Hahaha. A new whirlpool would line up nice. 

I actually wish somebody would sue Whirlpool/American/AO. It's going to happen. For once all the greedy lawyers in American could actually work in our favor. They got polybutylene banned in the U.S., you would think this would be a slam dunk.


----------



## Master Mark (Aug 14, 2009)

plumberkc said:


> Hahaha. A new whirlpool would line up nice.
> 
> I actually wish somebody would sue Whirlpool/American/AO. It's going to happen. For once all the greedy lawyers in American could actually work in our favor. They got polybutylene banned in the U.S., you would think this would be a slam dunk.

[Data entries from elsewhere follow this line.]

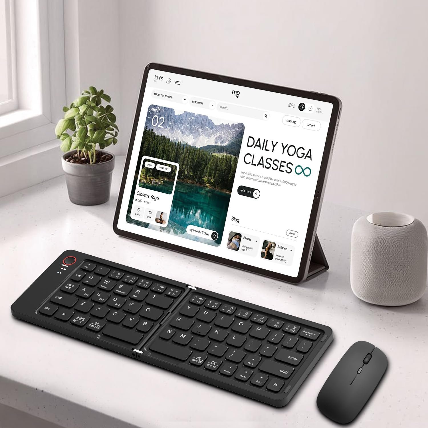 【Wide Compatibility】Foldable keyboard and mouse combo works perfect with all iOS,Mac OS, iPad OS,Windows, Android,Linux system devices.
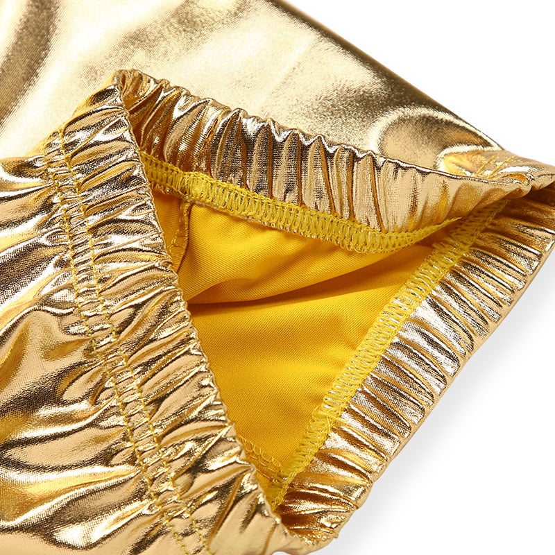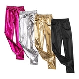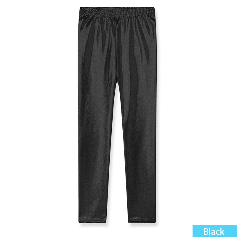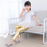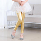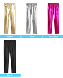 Girls Skinny Faux Leather Leggings Shiny Metallic Stretch Pants
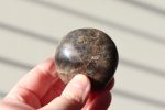 Deze prachtige zwarte maansteen handsteen heeft een mooi patroon en zelfs een lichte flash. De handsteen weegt 100 gram en is ongeveer 5 cm in diameter.
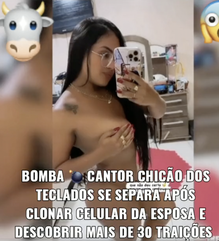 No entanto, internautas relataram que Chicão, na verdade, clonou o celular da companheira e descobriu mais de 30 ‘chifres’, além de fotos sensuais que supostamente ela mandava para outros.
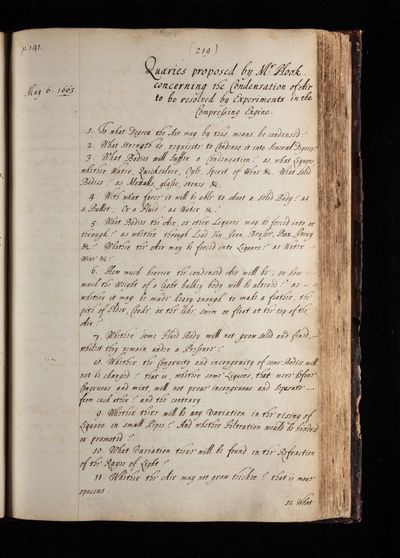 Robert Hooke, Questions formulated by Robert Hooke 'concerning the condensation of Air to be resolved by Experiments in the Compressing Engine', RBO/2ii/35, The Royal Society Archives, London, https://makingscience.royalsociety.org/items/rbo_2ii_35/questions-formulated-by-robert-hooke-concerning-the-condensation-of-air-to-be-resolved-by-experiments-in-the-compressing-engine, accessed on 14 November 2025
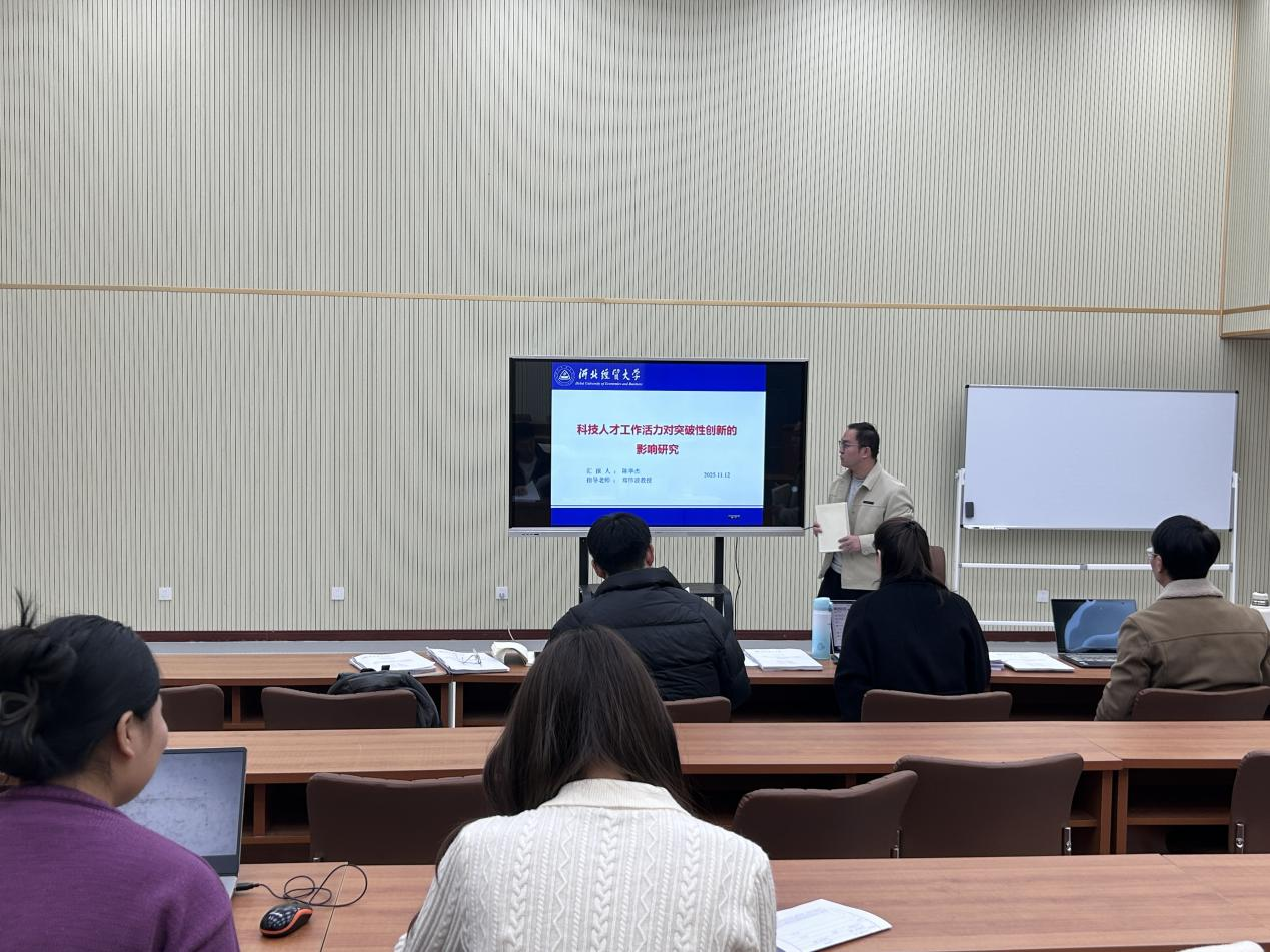 汇报人陈华杰以“科技人才工作活力对突破性创新的影响研究”为题,以先进制造业企业为研究样本,从科技人才创新主动性视角出发,探究了工作活力对突破性创新的影响,为理解科技人才创新主动性在企业突破性创新中的作业提供了实证依据。
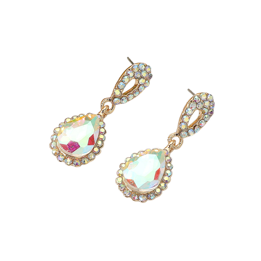 Iridescent Teardrop Crystal Dangle Earrings
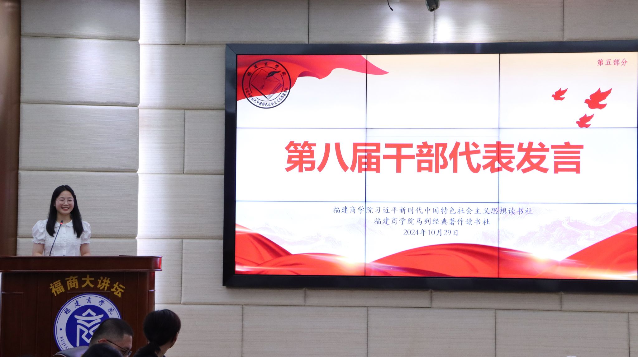 优秀干部代表回顾了过去一年在读书社中的读书与工作,新一届干部代表表示未来将继续积累组织经验,不断提升执行能力,与全体读书社学生干部共同努力,推动读书社建设取得新成效。
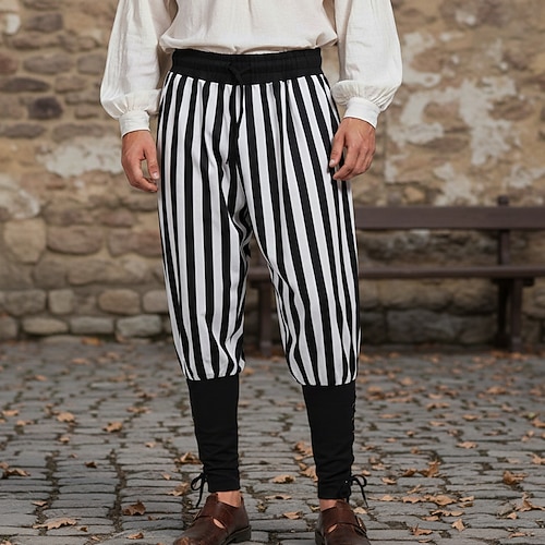 Retrò Vintage Medievale 17° secolo Pantaloni da pirata Pirata Cavaliere Vichingo Crociato Ranger Coulisse A righe Costume Per uomo Costumi da pirata Halloween Carnevale LARP Fiera Rinascimentale

This crap has been on-going since 2003 and nothing will ever be done about it..
Whirlpool just sends some lobbyist to Washington every time it looks like something might happen and they bribe the Clintons and anyone else that might get them out of hot water.....

whirlpool actually keeps me in business with all the troubles and change outs we do.....:yes:


----------



## wyplumber (Feb 14, 2013)

Here is another one if you need more ammo in your law suit lol. I suppose I would have to go and get a picture of the whirlpool tag though


----------



## Master Mark (Aug 14, 2009)

wyplumber said:


> Here is another one if you need more ammo in your law suit lol. I suppose I would have to go and get a picture of the whirlpool tag though



Lowes dont care what you throw at them.. you cannot prove anything after time has passed.....

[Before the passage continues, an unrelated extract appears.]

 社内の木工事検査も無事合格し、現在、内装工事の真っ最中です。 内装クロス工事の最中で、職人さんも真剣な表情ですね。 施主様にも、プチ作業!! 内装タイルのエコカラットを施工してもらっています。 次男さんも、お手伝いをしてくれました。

... its called "plausible deniability" 
because that work was probably done a decade ago and you dont know
how many jack-legs and other jerk-offs have been doing plumbing and repairs in the place since it was installed.....

if you were to take a picture of the job the day it was installed then you might be able to get them to make it right.... but 10 years down the road it done mean squat........


----------



## Nathan901 (Feb 11, 2012)

Put your pet rat In the room and sue for loss of life!


----------